Now, let’s see how you actually structure smarter queries using subqueries and views.
These aren’t just SQL features.
They’re tools that help you write cleaner logic, reduce duplication, and make your database easier to work with.
Subqueries: Queries Inside Queries
At its core, a basic SQL query looks like this:
SELECT x FROM y WHERE z;
-
x→ columns -
y→ tables -
z→ condition
Now here’s where things get interesting:
That z (the condition) can itself contain another query.
That’s a subquery.
A Simple Subquery Example
SELECT name
FROM Students
WHERE sid IN (
SELECT sid
FROM Admitted_to
WHERE doj = 'Jan 01, 2000'
);
What’s happening here?
- Inner query → finds student IDs admitted on a specific date
- Outer query → fetches names of those students
The inner query runs first, then feeds results into the outer query.

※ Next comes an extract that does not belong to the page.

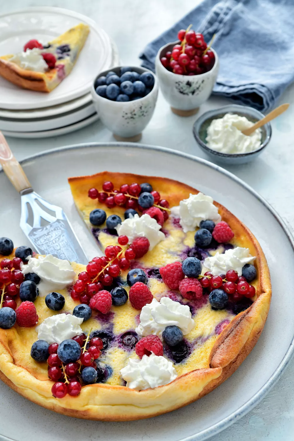 Deze Finse ovenpannenkoek pannukakku zet je in één keer in de oven voor een luchtige, goudbruine pannenkoek boordevol zomers rood fruit. Met gesmolten boter in de ovenschaal en een simpel beslag van eieren, bloem en melk krijg je een fluweelachtige textuur die je afwerkt met opgeklopte slagroom, frambozen en blauwe bessen. Perfect als feestelijk brunchgerecht, zomers dessert of gezellig tussendoortje.

Where You Can Use Subqueries
Subqueries aren’t limited to WHERE. You can use them in:
-
WHEREclause (most common) -
FROMclause (as derived tables) -
HAVINGclause (with grouped data)
They act like temporary datasets inside your query.

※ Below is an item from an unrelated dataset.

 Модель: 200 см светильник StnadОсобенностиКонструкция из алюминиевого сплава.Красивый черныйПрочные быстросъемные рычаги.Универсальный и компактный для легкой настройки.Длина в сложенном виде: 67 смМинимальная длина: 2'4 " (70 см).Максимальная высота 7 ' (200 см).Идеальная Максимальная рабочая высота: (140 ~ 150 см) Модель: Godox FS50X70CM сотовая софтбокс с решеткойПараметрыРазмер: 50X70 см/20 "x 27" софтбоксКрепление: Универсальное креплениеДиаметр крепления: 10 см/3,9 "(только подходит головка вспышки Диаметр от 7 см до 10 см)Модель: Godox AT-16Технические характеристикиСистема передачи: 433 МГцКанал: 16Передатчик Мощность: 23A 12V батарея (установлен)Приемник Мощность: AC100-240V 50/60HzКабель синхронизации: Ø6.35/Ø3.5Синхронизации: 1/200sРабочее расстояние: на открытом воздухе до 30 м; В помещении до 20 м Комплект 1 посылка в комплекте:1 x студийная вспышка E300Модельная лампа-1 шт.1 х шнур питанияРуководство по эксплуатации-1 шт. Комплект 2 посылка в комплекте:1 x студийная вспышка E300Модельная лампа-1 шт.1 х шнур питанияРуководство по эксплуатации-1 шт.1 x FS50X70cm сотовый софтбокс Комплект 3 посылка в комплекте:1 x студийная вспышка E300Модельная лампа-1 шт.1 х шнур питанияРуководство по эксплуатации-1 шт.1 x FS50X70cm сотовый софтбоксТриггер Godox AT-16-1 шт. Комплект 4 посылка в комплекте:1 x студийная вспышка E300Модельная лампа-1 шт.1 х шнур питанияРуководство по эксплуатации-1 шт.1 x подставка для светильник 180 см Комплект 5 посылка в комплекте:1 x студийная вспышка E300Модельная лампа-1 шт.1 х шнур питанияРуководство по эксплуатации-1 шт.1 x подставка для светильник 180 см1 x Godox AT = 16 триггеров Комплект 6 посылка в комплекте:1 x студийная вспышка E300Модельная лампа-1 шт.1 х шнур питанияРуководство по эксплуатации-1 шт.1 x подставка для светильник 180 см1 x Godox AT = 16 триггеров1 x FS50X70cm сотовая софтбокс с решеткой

Correlated Subqueries: When Things Get Dynamic
Now we step into more advanced territory.
A correlated subquery is one that depends on the outer query.
Example:
SELECT name
FROM Students
WHERE EXISTS (
SELECT *
FROM Admitted_to
WHERE sid = Students.sid
AND doj = 'Jan 01, 2000'
);
What’s different here?
- The inner query references
Students.sid - That means it cannot run independently
- It depends on each row from the outer query
How Correlated Subqueries Actually Execute
This is where many people misunderstand what’s happening.
For each row in Students:
- SQLite takes that row’s
sid - Substitutes it into the subquery
- Executes the subquery
- Decides whether to include that row
So instead of running once, the subquery runs multiple times.

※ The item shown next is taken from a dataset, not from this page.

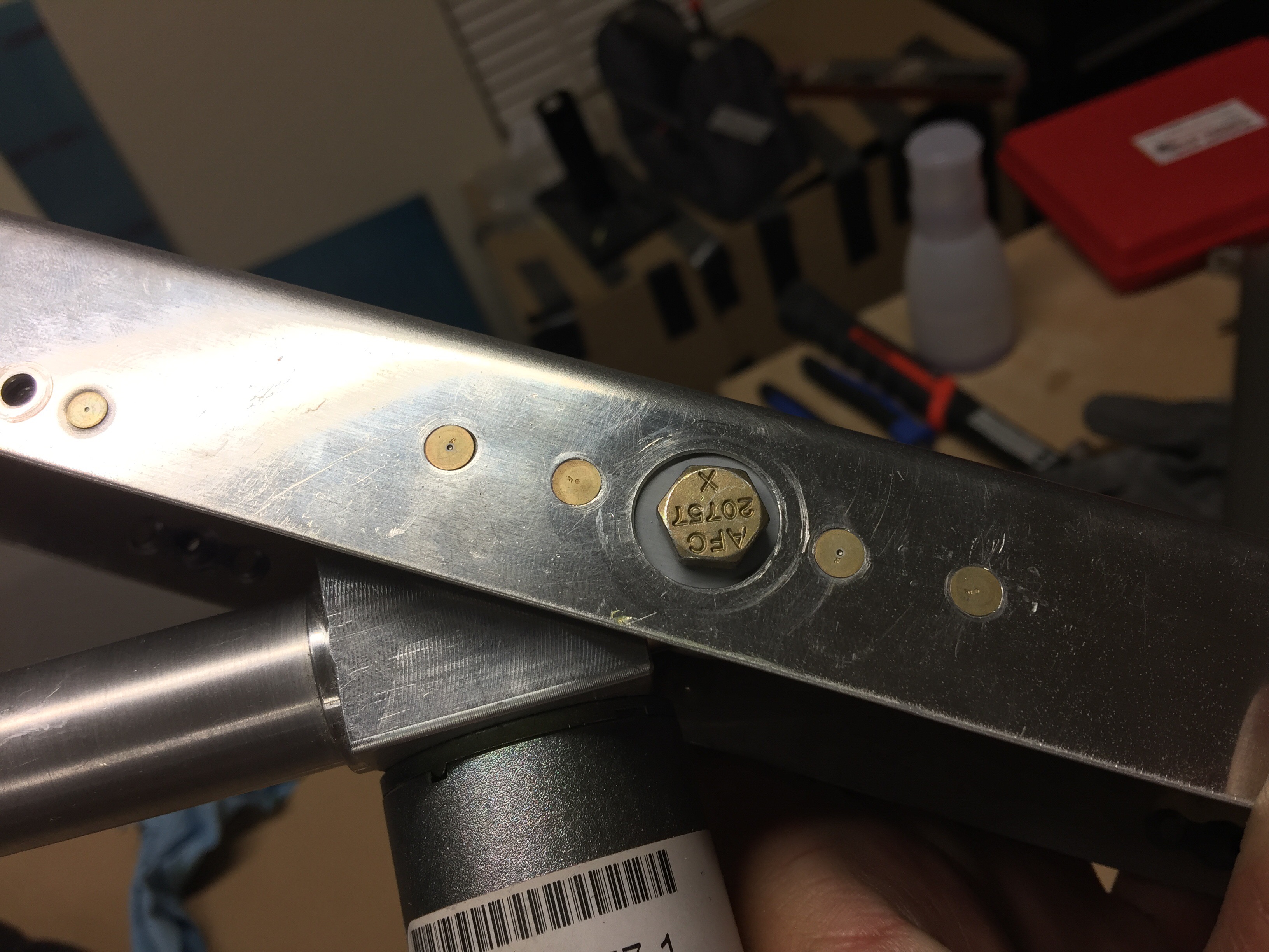 I started by drilling the holes in the motor arm to safety wire the bearing to the actuator. The motor uses a screw gear to raise and lower the flaps, and if this were to ever get loose it could back out entirely and the flaps would become loose. The safety wire prevents it from backing out.

This makes correlated subqueries:
- Powerful
- But potentially slower
When to Use Subqueries (and When Not To)
Use them when:
- You want clear, readable logic
- You need intermediate filtering
- You’re avoiding complex joins
Avoid them when:
- Performance is critical
- A join can do the same job more efficiently
Views: Virtual Tables That Simplify Everything
If subqueries are about embedding logic, views are about reusing it.
A view is basically a saved query that behaves like a table.
But here’s the key detail:
A view does not store data
It stores only the query definition
Creating a View
CREATE VIEW view1 AS
SELECT name, sid
FROM Students;
This doesn’t create a new table.
Instead, SQLite stores the query definition internally.
Using a View
Once created, you can query it like a normal table:
SELECT name
FROM view1
WHERE sid = 1001;
Behind the scenes:
- SQLite runs the original query
- Then applies your new query on top
Why Views Exist (And Why You Should Care)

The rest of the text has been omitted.